The actual deployment underwent a series of changes that both illustrated German skill in operational planning and reinforced confidence in the skill’s applicability to the wider Russian stage. The final dispositions put a worked-in command and staff team on the Greek frontier: List’s 12th Army and Kleist’s renamed Panzer Group 1. With three panzer divisions and two motorized ones plus Grossdeutschland and two similarly configured claimants to elite status, the SS Leibstandarte and the Luftwaffe’s Hermann Göring Brigade, Kleist was expected to overrun Greece from a standing start.
On March 27 the situation changed utterly. A coup deposed the Yugoslav government. Hitler responded with Operation Punishment: the destruction of Yugoslavia with “merciless harshness.” Kleist swung his group
90 degrees and, beginning on April 8 as the Luftwaffe eviscerated Belgrade, drove into Yugoslavia’s side with the force of a knife thrust. Breaking through initially stubborn resistance and scattering two Yugoslav armies, the group drove north as another panzer corps came south from Hungary into Croatia. Belgrade was the objective. What remained of it capitulated on April 12. The Yugoslav army, its morale shaken by recent political events, divided along ethnic lines. Lacking modern equipment, it never had much of a chance. In a week the panzers had shattered its fighting spirit and its fighting power alike by speed and shock, in terrain regarded as less suitable even than the Ardennes for mobile warfare, and without breaking a military sweat. The major challenge to the rear echelons was coping with the thousands of Yugoslavs trying to surrender. On April 14 the Yugoslav government called for terms.

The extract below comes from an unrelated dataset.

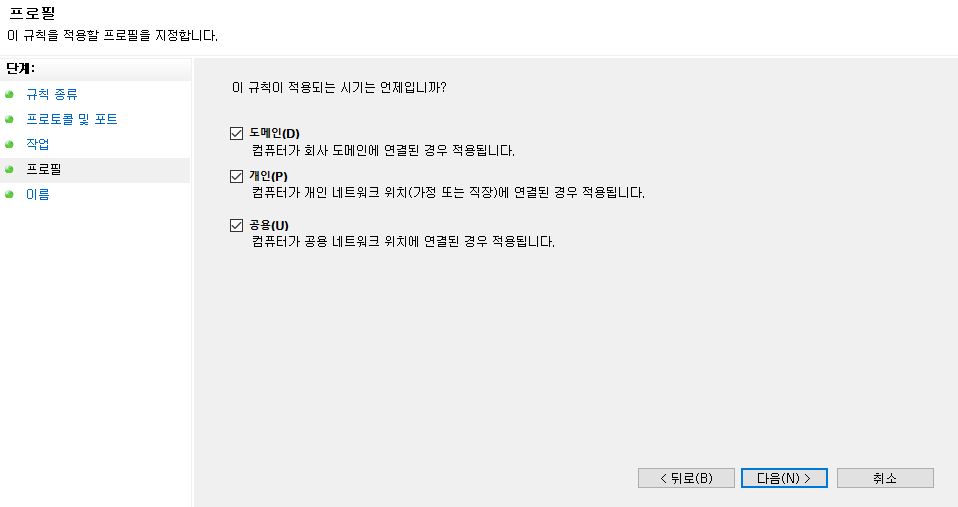 4. 프로필은 네트워크가 연결되는 방식인데 나는 그냥 모두 선택하고 있다.

A country was dismembered; a stage was set for more than a half century of civil war; and the panzers were responsible. Kleist’s divisions were pulled into reserve as quickly as possible for redeployment to the Russian frontier, with a collective sense of a job well done that suggested favorable prospects for the future. The new divisions and the new commanders had performed well compared to the standards of 1940. A continuing tendency to outrun the infantry had no significant tactical consequences; the tanks alone spread demoralization wherever they went. Logistics posed occasional problems, but the fighting ended before they metastasized. Total German casualties were 150 dead, 400 wounded, and 15 missing. Nothing emerging from Yugoslavia, in short, inspired any last-minute second thoughts about another operation against a Slavic army and culture.